This was last Monday, and another plane crashed off Makaha on Oahu.

We lost both Phillip (27) and Marshall Cabe (25) that day; two of the most wonderful grandkids anyone could ever wish for. They lived with their mother in Lawton, Oklahoma. Michael was treating them for their college graduations and birthdays. They were to be with us for two weeks, with many adventures planned.

Au’we, poho … and … no can get it.

Alan Fayé, Princeville

‘Carnival’ a showcase of talent

When I was a little girl, my mother would hum “Love Makes the World Go Round,” and this simple tune would immediately transport me to a different world.

It wasn’t til last weekend’s performance of “Carnival” at the Kauai Community College Performing Arts Center that I learned its origin was this classic 1961 Broadway musical. Daphne Sanchez, the show’s female lead, was enchanting Her voice was so clear and true, she conveyed the theme with angelic purity.

Beorn Chantara was her equal as he played a down-and-out puppeteer who could only communicate his emotions behind the masks of his puppets. He and his sidekick, played by Taj Gutierrez, each sung three voices (those of their human characters and their puppets), which was nothing short of amazing. Other standouts included community theater favorites Richard Porto, Averie Soto, and Wil Welsh, but this play was more than the acting and singing: Esther Manning’s creative costumes, the whimsical sets, the live orchestra, and Greg Shepherd’s expert direction brought the production to life.

It’s been many years since KCC produced a musical, and I hope you see it before it ends. The show plays for only one more weekend, with shows Friday and Saturday at 7 p.m. and Sunday at 4 p.m. Tickets are $15 for adults and $8 for kids under 12 and are available at the door.

Mary Alexander, Kapaa

The poor don’t always have to be with us

“The poor will always be among us,” a Christian was telling me recently, using these words from the Bible to justify doing nothing about it. But it’s not true, especially today with our automation technology. We produce enough food for everyone, but a third of it is thrown away due to the inefficiencies of a market system which manipulates scarcity for profit.
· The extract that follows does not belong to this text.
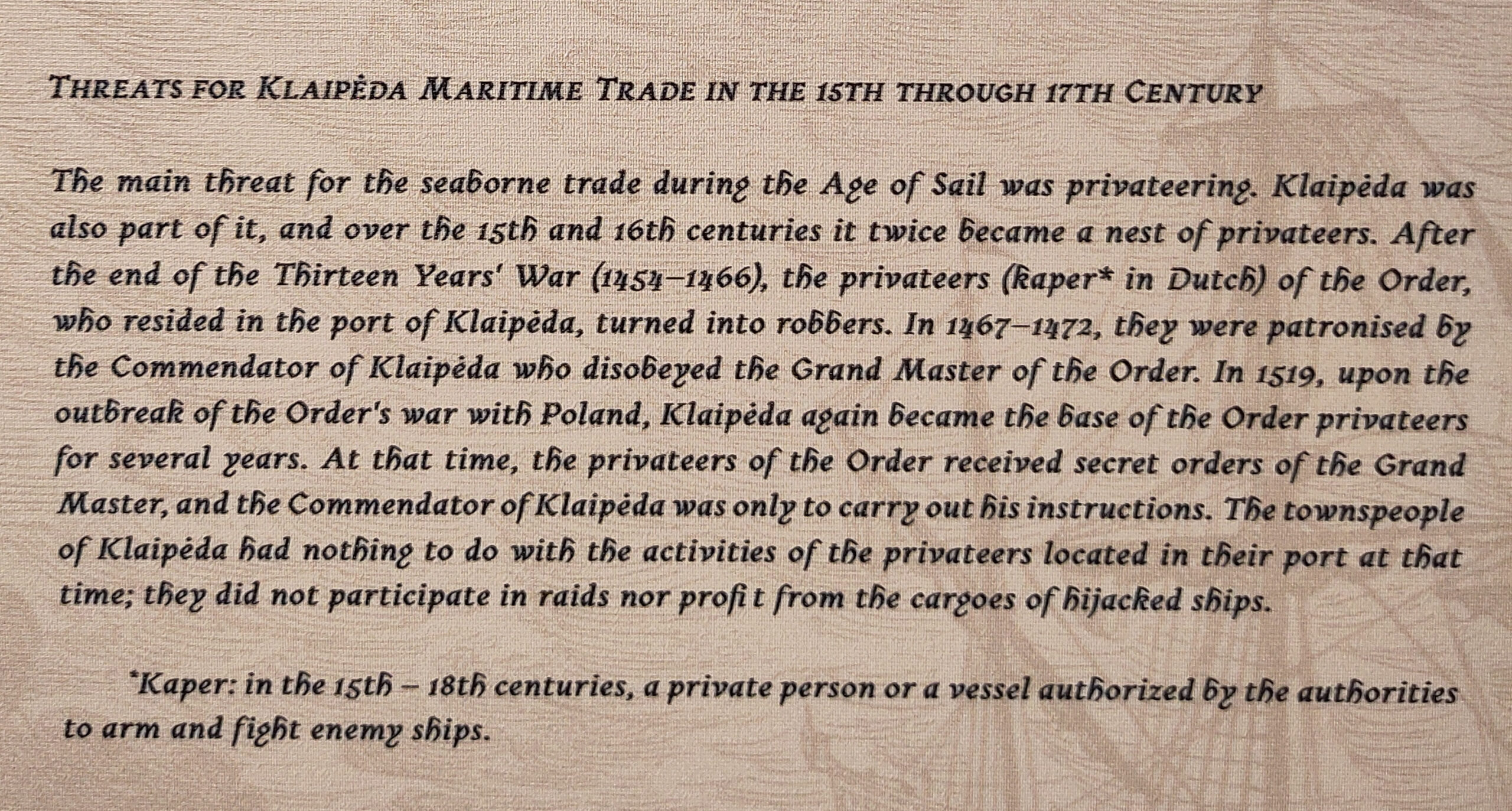 In Klaipėda bezochten we de resten van een fort. Daar stuitten we op verrassend veel Hollandse sporen: een oude Oostzee-kaart van Nederlandse makelij en een verhaal over kapers, waarbij uitgelegd werd wat dit Nederlandse woord betekent: iemand die officieel toestemming kreeg om anderen aan te vallen. Toch weer details om ’trots’ op te zijn.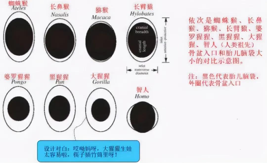 与此同时,人类的脑容量却在不断增大。从早期人类到现代人类,脑容量增长了数倍。这意味着胎儿的头部变得更大,在分娩时,需要通过更为狭窄的产道。这种盆骨变小和胎儿脑容量增大的双重变化,使得顺产的难度和疼痛程度急剧增加 。

And we have enough homes sitting empty to shelter all of our homeless. Again, the system won’t permit it. Must we accept poverty as a natural law decreed by some deity, or one more instance — like stoning women to death and condoning slavery — where God got it wrong.

I understand why the kings and high priests who wrote and rewrote the Bible every century kept that part in. Convincing people they were meant to be poor, born to be slaves, worked to the advantage of the rulers (who were busy amassing all the wealth for themselves).

Today, not much has changed. When 62 people have more wealth than three billion, and the Walmart heirs are worth $85 billion, then it makes perfect sense that millions of children go to bed hungry. Nelson Mandela said, “Like slavery and apartheid, poverty is not natural. It is man-made and it can be eradicated by the actions of human beings.”

There’s the truth, and then there’s heavenly fiction. So please finish the sentence. “The poor will always be among us … as long as 1 percent of the people continue to hoard all the wealth.